(DATA TO PROCESS begins)
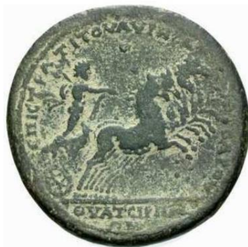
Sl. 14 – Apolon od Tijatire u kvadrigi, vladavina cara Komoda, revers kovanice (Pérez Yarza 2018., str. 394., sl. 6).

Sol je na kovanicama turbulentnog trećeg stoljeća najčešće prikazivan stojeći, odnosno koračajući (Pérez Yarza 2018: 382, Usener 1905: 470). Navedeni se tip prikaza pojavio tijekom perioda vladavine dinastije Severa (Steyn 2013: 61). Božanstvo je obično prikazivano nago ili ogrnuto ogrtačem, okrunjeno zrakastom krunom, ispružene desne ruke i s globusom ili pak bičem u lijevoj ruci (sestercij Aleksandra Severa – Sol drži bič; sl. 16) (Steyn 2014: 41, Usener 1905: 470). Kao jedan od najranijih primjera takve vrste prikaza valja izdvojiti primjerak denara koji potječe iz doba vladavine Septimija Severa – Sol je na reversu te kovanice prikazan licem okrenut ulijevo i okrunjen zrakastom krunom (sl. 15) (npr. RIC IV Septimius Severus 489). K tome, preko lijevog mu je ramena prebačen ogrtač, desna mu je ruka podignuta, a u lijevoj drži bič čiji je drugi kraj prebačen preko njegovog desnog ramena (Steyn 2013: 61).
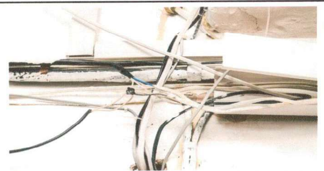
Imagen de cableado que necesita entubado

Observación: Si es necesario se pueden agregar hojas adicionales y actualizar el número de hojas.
(DATA TO PROCESS ends)
(DATA TO PROCESS begins)
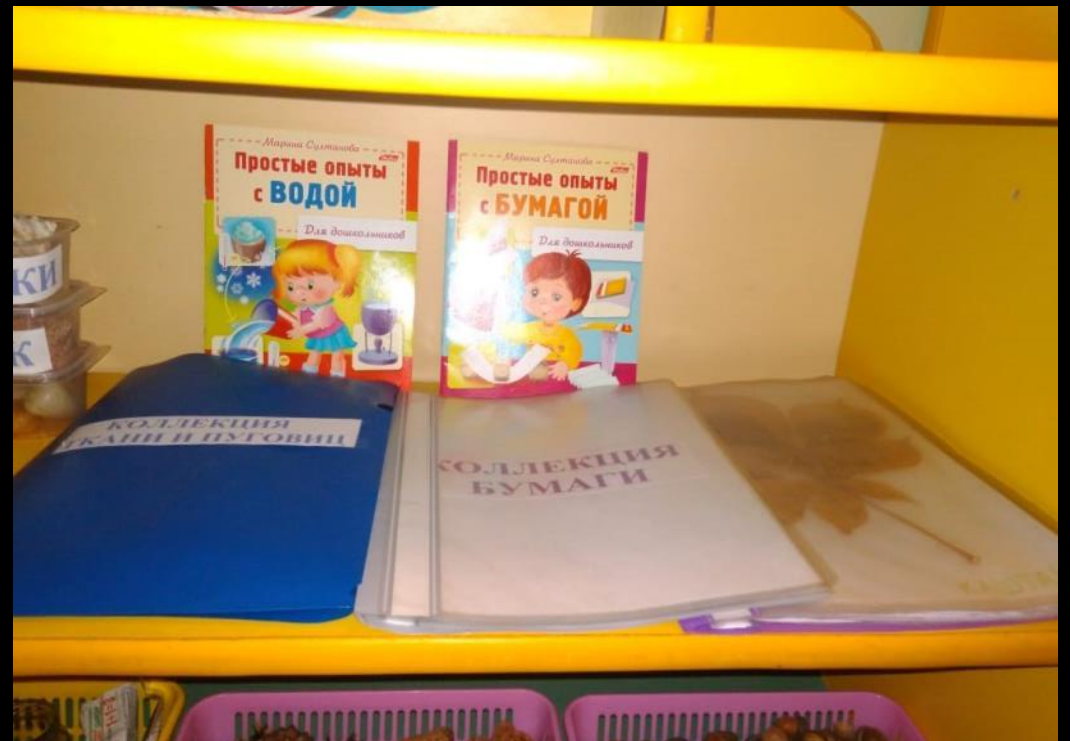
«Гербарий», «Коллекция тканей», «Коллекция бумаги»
(DATA TO PROCESS ends)
◆ YOUR TASK: Where does the word "Yarza" appear in the listing above? Copy every line that holds it.

◆ RESULT:
Sl. 14 – Apolon od Tijatire u kvadrigi, vladavina cara Komoda, revers kovanice (Pérez Yarza 2018., str. 394., sl. 6).
Sol je na kovanicama turbulentnog trećeg stoljeća najčešće prikazivan stojeći, odnosno koračajući (Pérez Yarza 2018: 382, Usener 1905: 470). Navedeni se tip prikaza pojavio tijekom perioda vladavine dinastije Severa (Steyn 2013: 61). Božanstvo je obično prikazivano nago ili ogrnuto ogrtačem, okrunjeno zrakastom krunom, ispružene desne ruke i s globusom ili pak bičem u lijevoj ruci (sestercij Aleksandra Severa – Sol drži bič; sl. 16) (Steyn 2014: 41, Usener 1905: 470). Kao jedan od najranijih primjera takve vrste prikaza valja izdvojiti primjerak denara koji potječe iz doba vladavine Septimija Severa – Sol je na reversu te kovanice prikazan licem okrenut ulijevo i okrunjen zrakastom krunom (sl. 15) (npr. RIC IV Septimius Severus 489). K tome, preko lijevog mu je ramena prebačen ogrtač, desna mu je ruka podignuta, a u lijevoj drži bič čiji je drugi kraj prebačen preko njegovog desnog ramena (Steyn 2013: 61).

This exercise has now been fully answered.